▶ _Required action_
What is needed is an exact transcription of every entry below, with the pictures left out.

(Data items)
┄┄┄┄┄┄┄┄┄┄

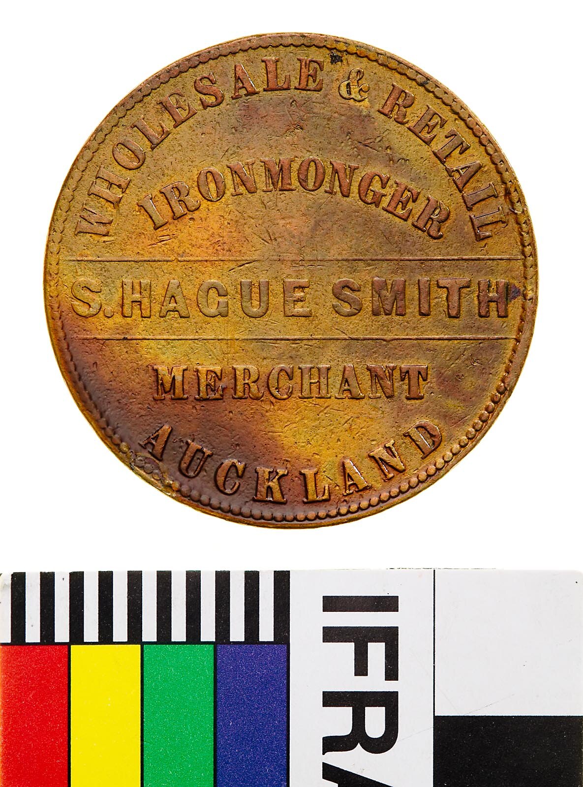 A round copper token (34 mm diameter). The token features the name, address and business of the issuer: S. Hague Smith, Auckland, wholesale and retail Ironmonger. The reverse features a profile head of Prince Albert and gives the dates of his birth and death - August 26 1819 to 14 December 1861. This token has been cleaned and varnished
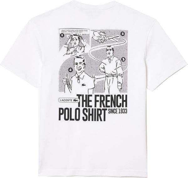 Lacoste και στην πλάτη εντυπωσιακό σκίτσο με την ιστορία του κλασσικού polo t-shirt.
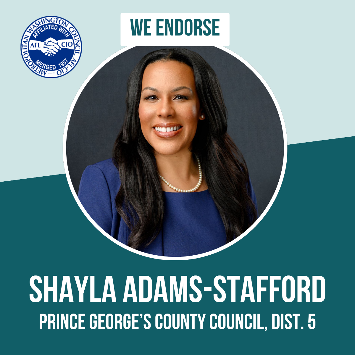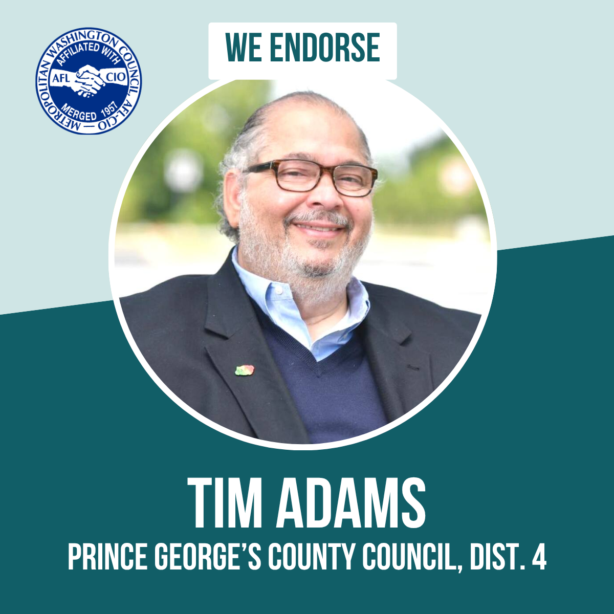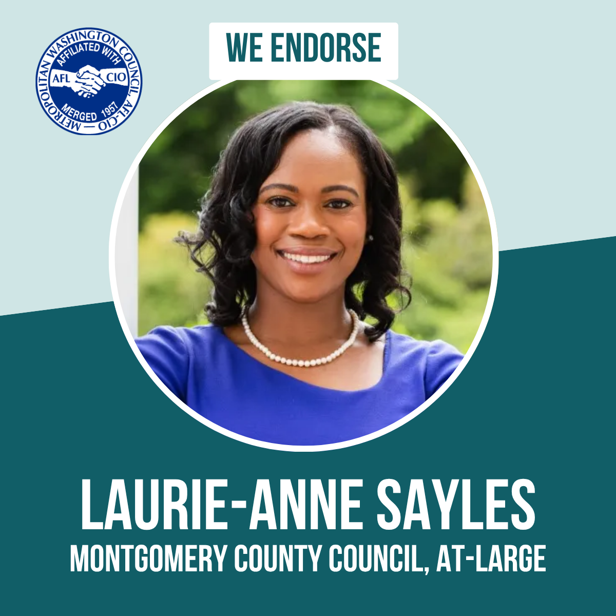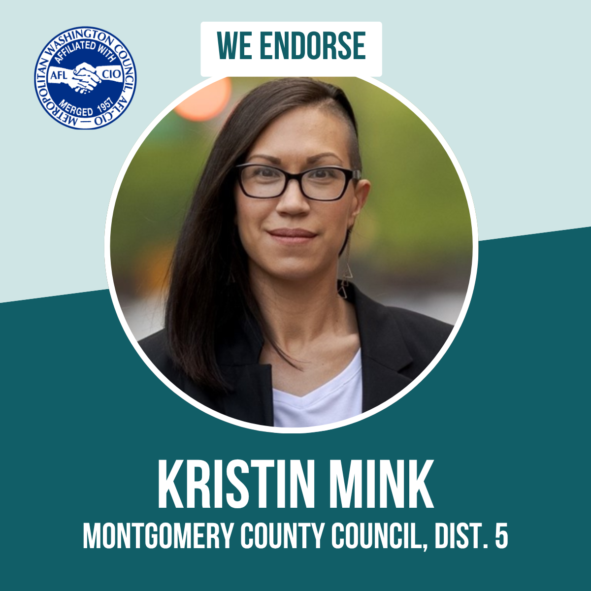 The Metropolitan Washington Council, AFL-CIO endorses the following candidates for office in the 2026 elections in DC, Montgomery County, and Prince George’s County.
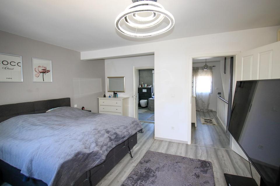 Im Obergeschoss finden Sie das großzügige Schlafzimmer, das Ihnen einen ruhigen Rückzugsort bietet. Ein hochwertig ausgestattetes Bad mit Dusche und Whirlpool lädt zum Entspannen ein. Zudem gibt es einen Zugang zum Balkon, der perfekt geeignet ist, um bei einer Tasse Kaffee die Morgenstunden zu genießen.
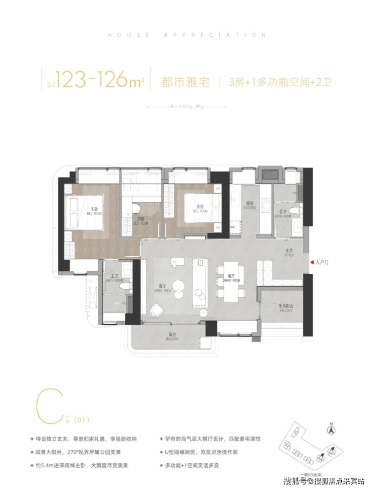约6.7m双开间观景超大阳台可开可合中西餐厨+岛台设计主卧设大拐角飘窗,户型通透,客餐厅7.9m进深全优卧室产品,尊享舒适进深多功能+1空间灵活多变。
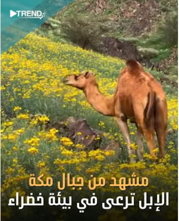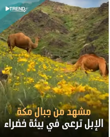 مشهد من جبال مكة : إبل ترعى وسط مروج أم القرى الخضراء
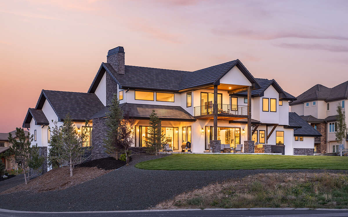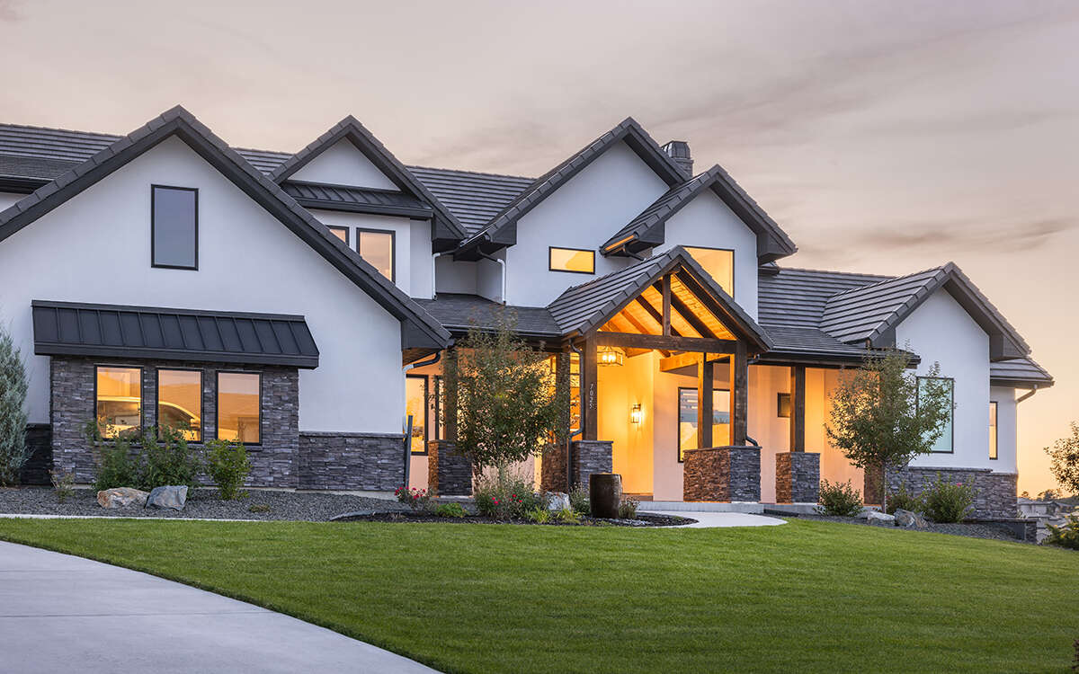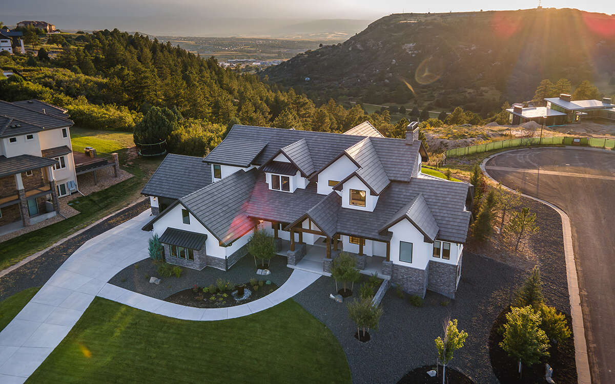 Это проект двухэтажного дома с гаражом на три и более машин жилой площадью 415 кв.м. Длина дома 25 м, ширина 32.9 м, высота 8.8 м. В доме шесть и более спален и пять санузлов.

┄┄┄┄┄┄┄┄┄┄

▶ _Response area_
 A round copper token (34 mm diameter). The token features the name, address and business of the issuer: S. Hague Smith, Auckland, wholesale and retail Ironmonger. The reverse features a profile head of Prince Albert and gives the dates of his birth and death - August 26 1819 to 14 December 1861. This token has been cleaned and varnished
 Lacoste και στην πλάτη εντυπωσιακό σκίτσο με την ιστορία του κλασσικού polo t-shirt.
 The Metropolitan Washington Council, AFL-CIO endorses the following candidates for office in the 2026 elections in DC, Montgomery County, and Prince George’s County.
 Im Obergeschoss finden Sie das großzügige Schlafzimmer, das Ihnen einen ruhigen Rückzugsort bietet. Ein hochwertig ausgestattetes Bad mit Dusche und Whirlpool lädt zum Entspannen ein. Zudem gibt es einen Zugang zum Balkon, der perfekt geeignet ist, um bei einer Tasse Kaffee die Morgenstunden zu genießen.
约6.7m双开间观景超大阳台可开可合中西餐厨+岛台设计主卧设大拐角飘窗,户型通透,客餐厅7.9m进深全优卧室产品,尊享舒适进深多功能+1空间灵活多变。
 مشهد من جبال مكة : إبل ترعى وسط مروج أم القرى الخضراء
 Это проект двухэтажного дома с гаражом на три и более машин жилой площадью 415 кв.м. Длина дома 25 м, ширина 32.9 м, высота 8.8 м. В доме шесть и более спален и пять санузлов.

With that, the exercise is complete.